With pictures left out, set down exactly the lines that begin at the one containing "- Pomnik poległych" and end with the last line of the entries below.

[Records contained in a dataset]
::::::::::
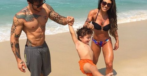 Em seu Instagram, Jaque publicou um momento em que oferece o suplemente ao filho: "Você quer Whey do que? Vou pôr pra você"
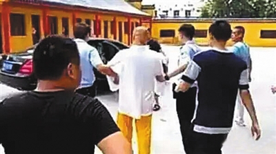 這是安徽蚌埠警方實(shí)施的一次抓捕行動(dòng)。被帶走時(shí),釋廣聞身著白色寬松上衣、黃色僧袍褲子,沒有任何反抗,表情平靜。
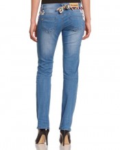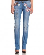 Desigual Women’s Flores Printed Slim Jeans, Denim Medium Wash, 32W x 32L (Brand Size: 32)
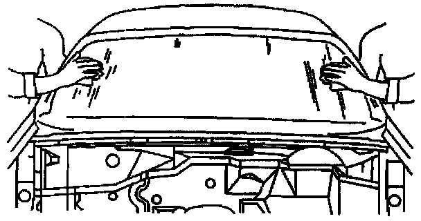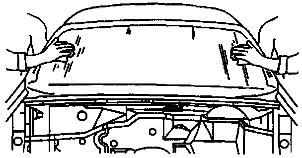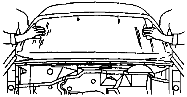 13. Install the bottom windshield reveal molding into the reveal molding retainers last because the air inlet grille panels fasten under the reveal molding.
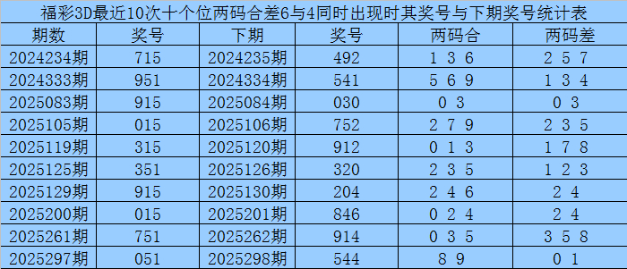 十个位合差分析:上期奖号十个位开出15组合,两码合为6,两码差为4,最近10次十个位两码合6与两码差4同期出面前,其奖号和下期奖号分袂为:
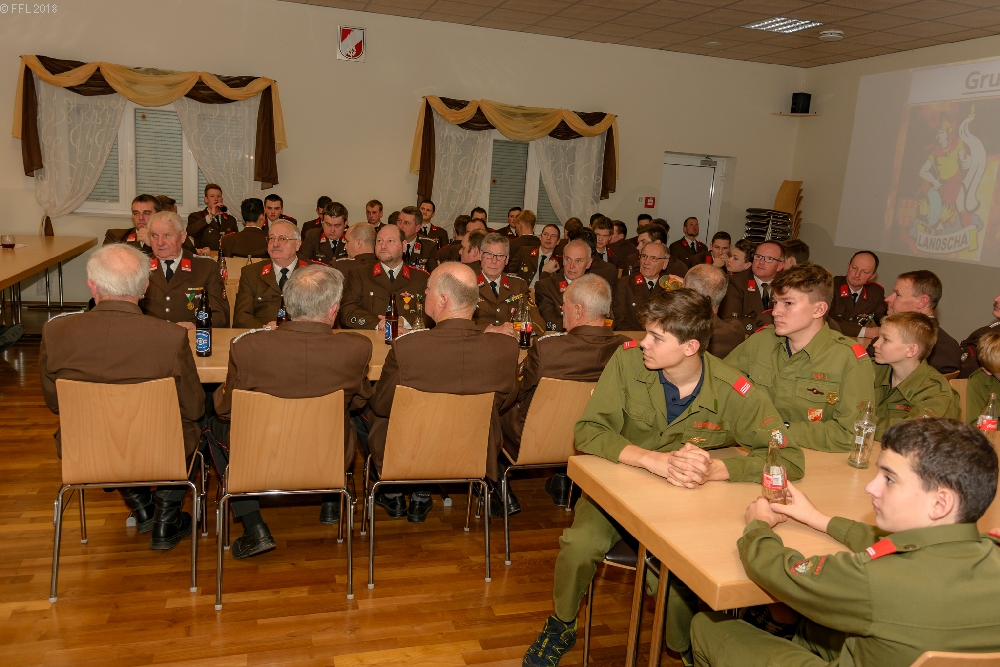 Bei der 94. Wehrversammlung der Freiwilligen Feuerwehr Landscha am 27.01.2018 im Feuerwehrhaus Landscha konnte HBI Johannes Zöhrer zahlreiche Ehrengäste wie Bürgermeister Gottfried Heinz, Dechant Mag. Anton Herk-Pickl, ABI Christian Lechner, Bezirksatemschutzbeauftragten OBI.F Herbert Buchgraber, sowie zahlreiche Ehrendienstgrade begrüßen.
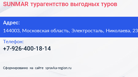 SUNMAR, турагентство выгодных туров по адресу 144003, Московская область, Электросталь, Николаева, 23 в дальнейшем Организация, размещена в следующих категориях:
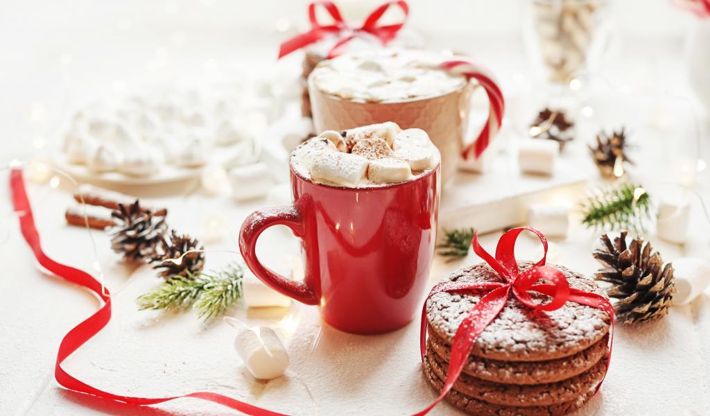 Wallpaper Cups of drink with marshmallows on a table with cookies
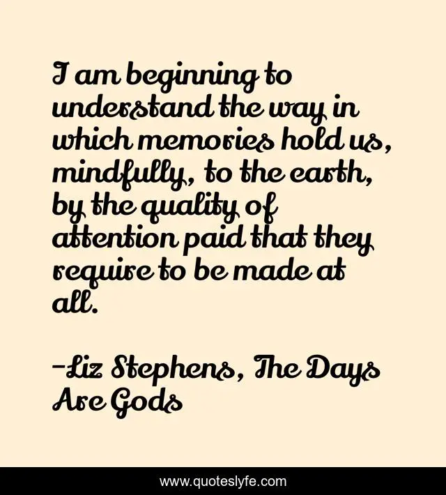 This page presents the quote "I am beginning to understand the way in which memories hold us, mindfully, to the earth, by the quality of attention paid that they require to be made at all.". Author of this quote is Liz Stephens, The Days Are Gods. .
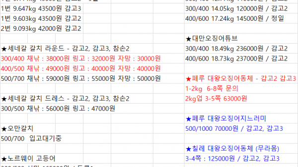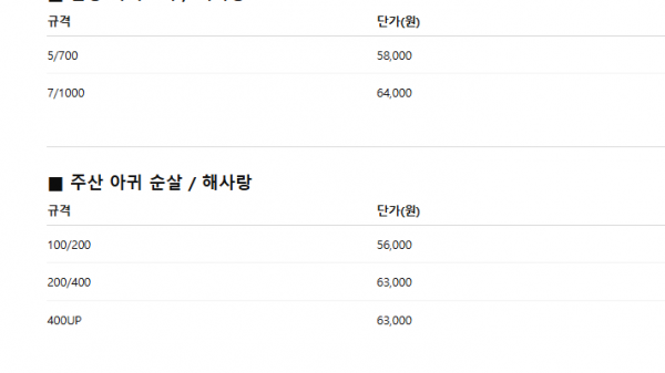 Korean Seafood > Price Table
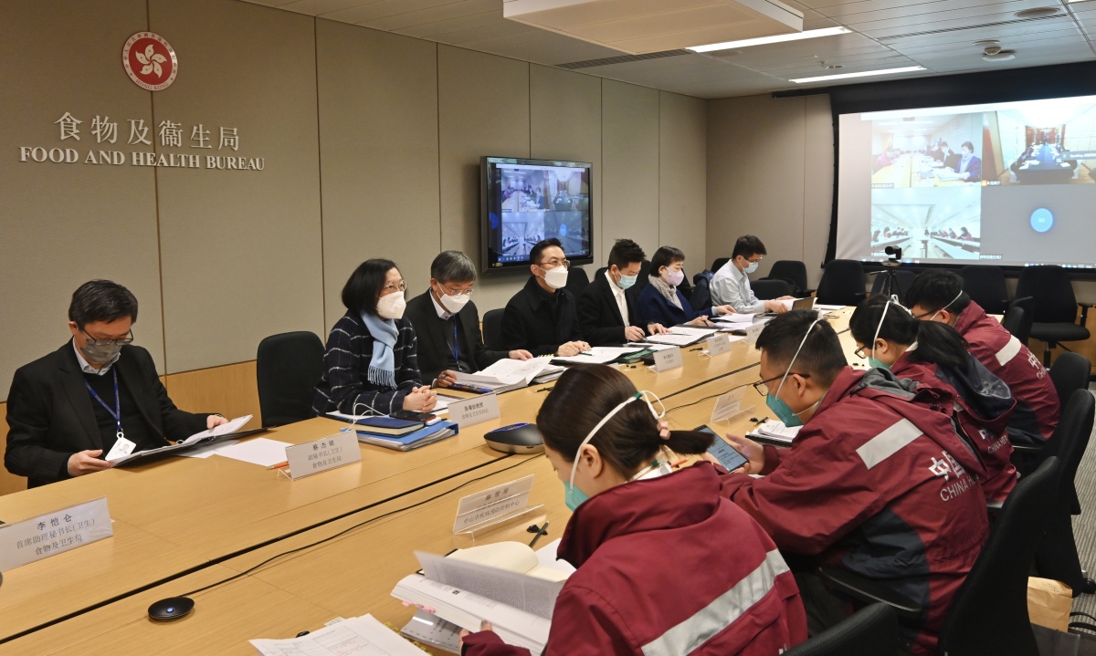食物及衞生局局長陳肇始今日(25日)與國家衞健委醫政醫管局局長焦雅輝舉行視像會議,就新冠治療情況作交流。衞健委多位官員及專家,聯同在港的內地新冠肺炎醫療救治專家組、醫院管理局行政總裁高拔陞和多位香港專家亦有出席會議。
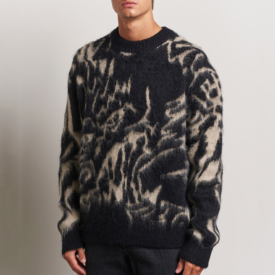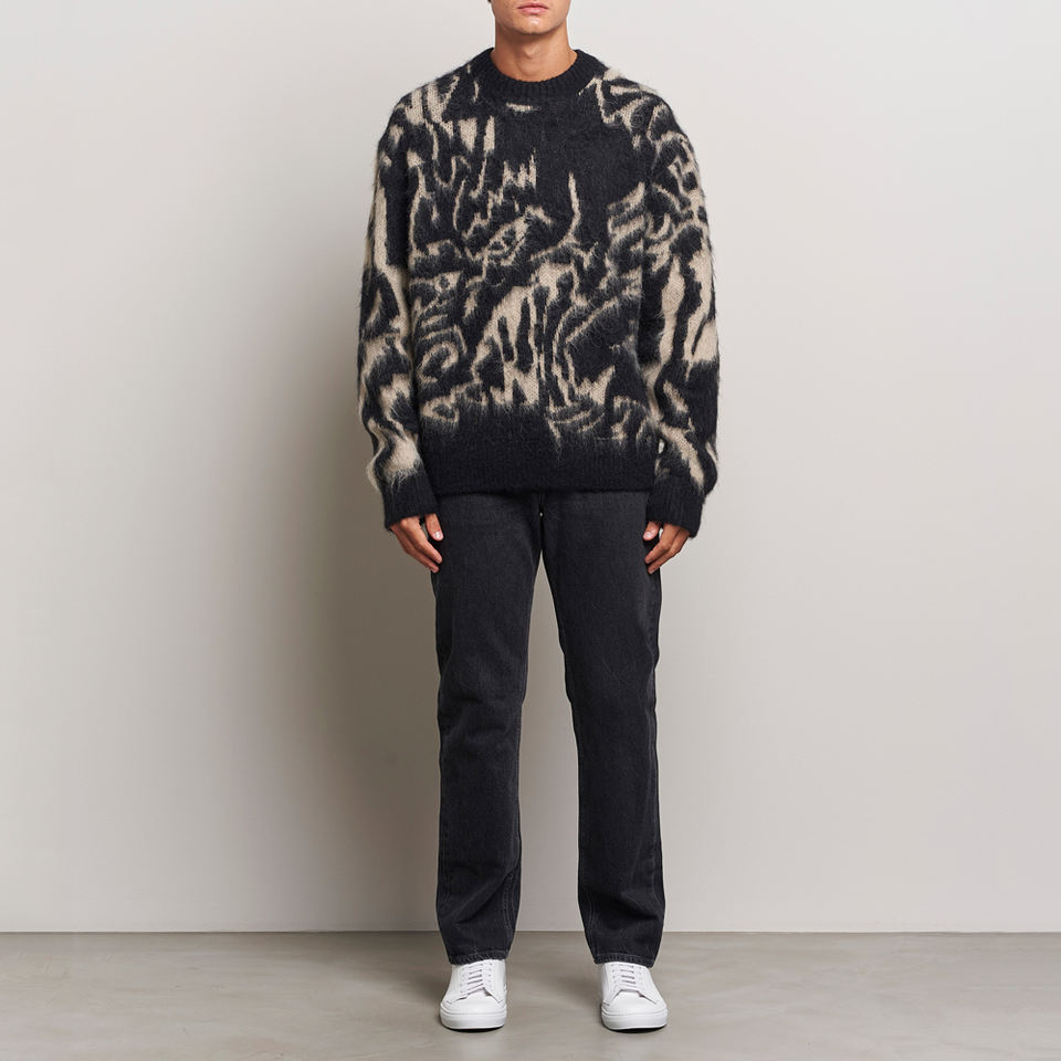 Custom Logo Oem Jacquard Mens Sweaters Distressed Effect Knitwear Pullover Crew Neck Knitted Jumper Winter Knit Men Sweaters
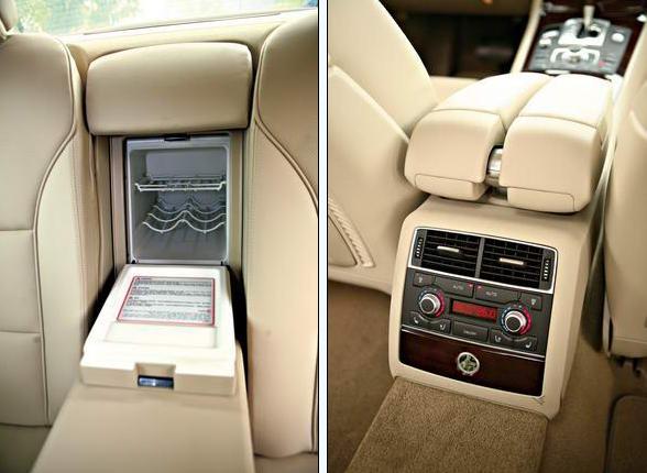 雖然都配有后排空間空調(diào)調(diào)節(jié)按鈕,但顯然A8L的功能更為強大,視覺效果也更加高檔。 位于后排座椅中央扶手后面的車載冰箱在A6L上是找不到的。
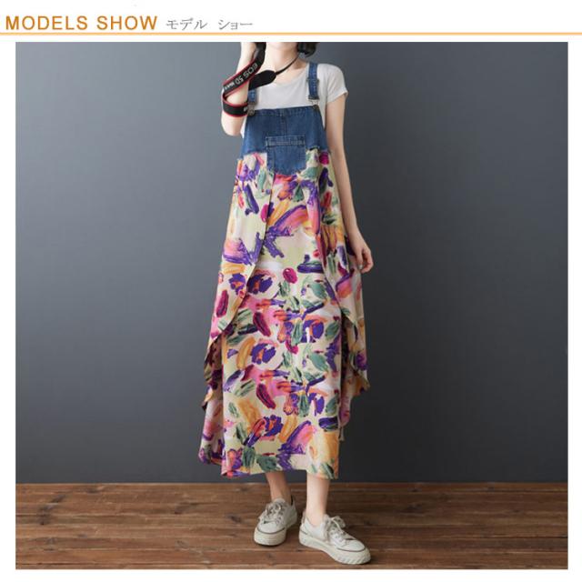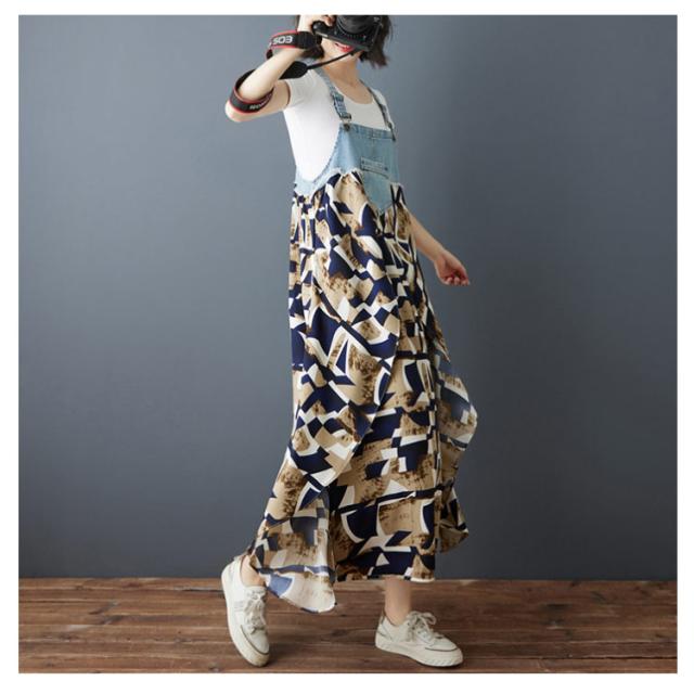 ジャンパースカート ジャンパースカート シフォン 異素材 切り替え ノースリーブ 袖なし フレアワンピース シフォンドッキングデニムジャンパースカート 春
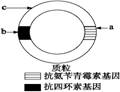 4.(2009浙江浦江二模)人们常选用的细菌质粒分子往往带有一个抗菌素抗性基因,该抗性基因的主要作用是质粒是基因工程中最常用的载体,某质粒上所有标记基因如下图所示。外源基因插入的位置不同,细菌在培养基上的生长情况也将不同,通过标记基因表达情况可以推知外源基因(目的基因)是否转移成功。下表表示当外源基因插入a、b、c不同点时细菌的生长情况,据表推测①②③三种重组后的细菌,其外源基因插入点正确的一组是
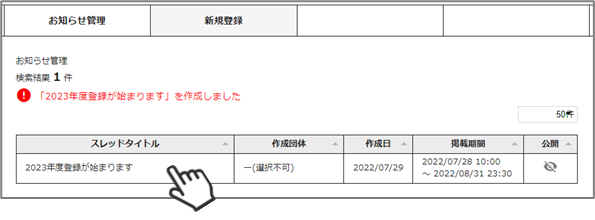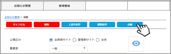 - 「複製保存」作成済みのお知らせを複製することができます。
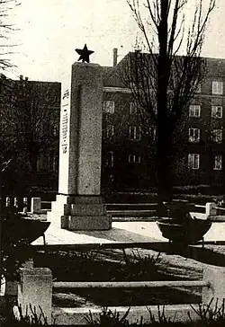 - Pomnik poległych w I wojnie światowej w kwartale przylegającym do południowo-wschodniego narożnika cmentarza komunalnego. Ma formę krzyża[11].
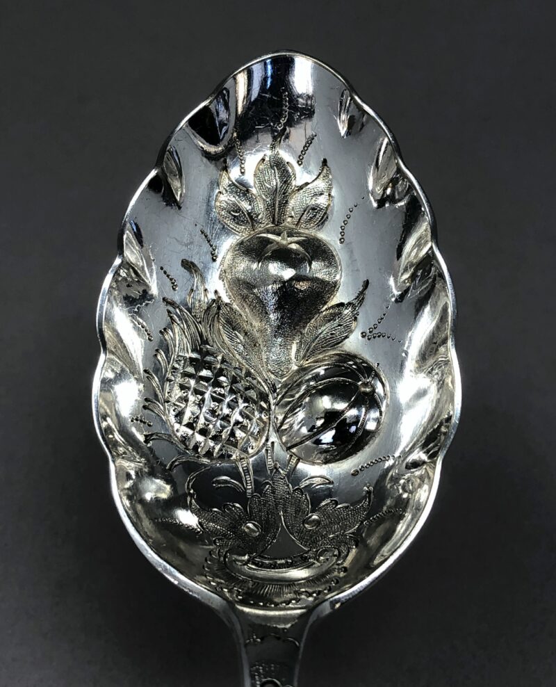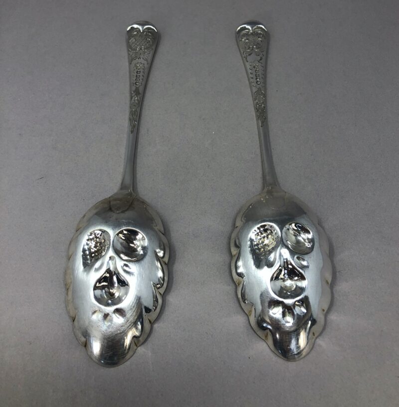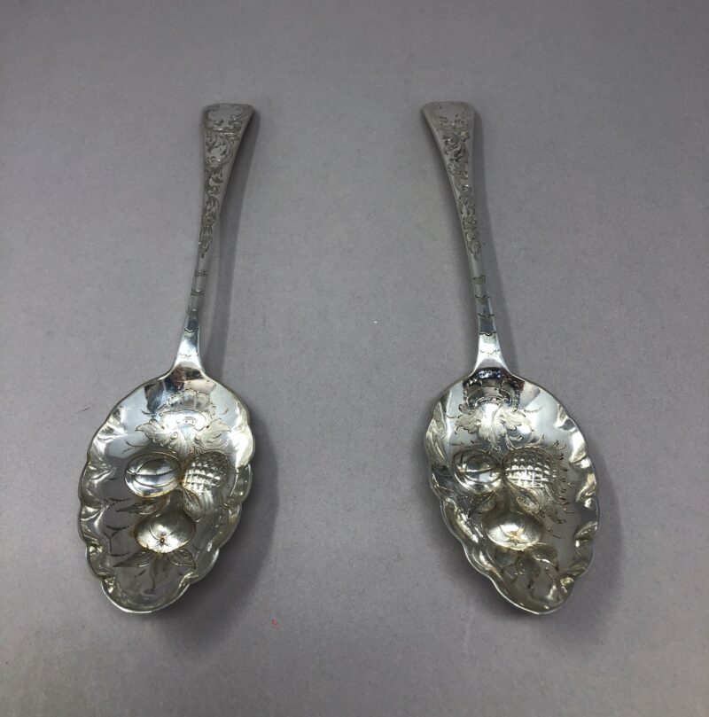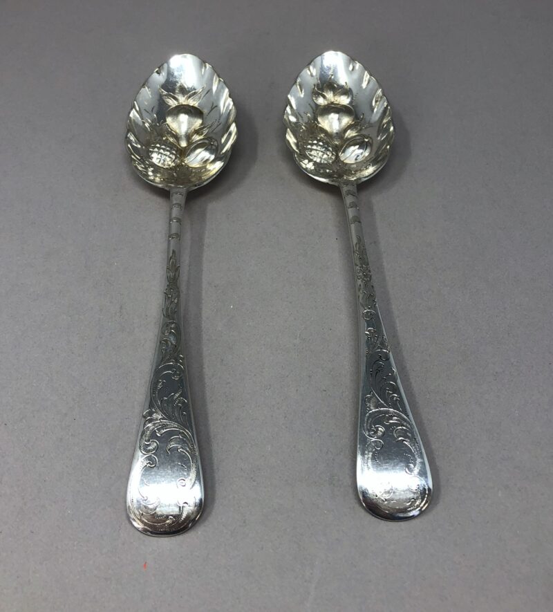 A lovely pair of Barker Brothers silver plated berry spoons with a pointed tip to really aid in scooping berries. Each spoon also has a beautiful and unique repousseé  fruit pattern within the bowls, as well as an elegant engraved pattern on their handles.
::::::::::
◆ REPLY
 - Pomnik poległych w I wojnie światowej w kwartale przylegającym do południowo-wschodniego narożnika cmentarza komunalnego. Ma formę krzyża[11].
 A lovely pair of Barker Brothers silver plated berry spoons with a pointed tip to really aid in scooping berries. Each spoon also has a beautiful and unique repousseé  fruit pattern within the bowls, as well as an elegant engraved pattern on their handles.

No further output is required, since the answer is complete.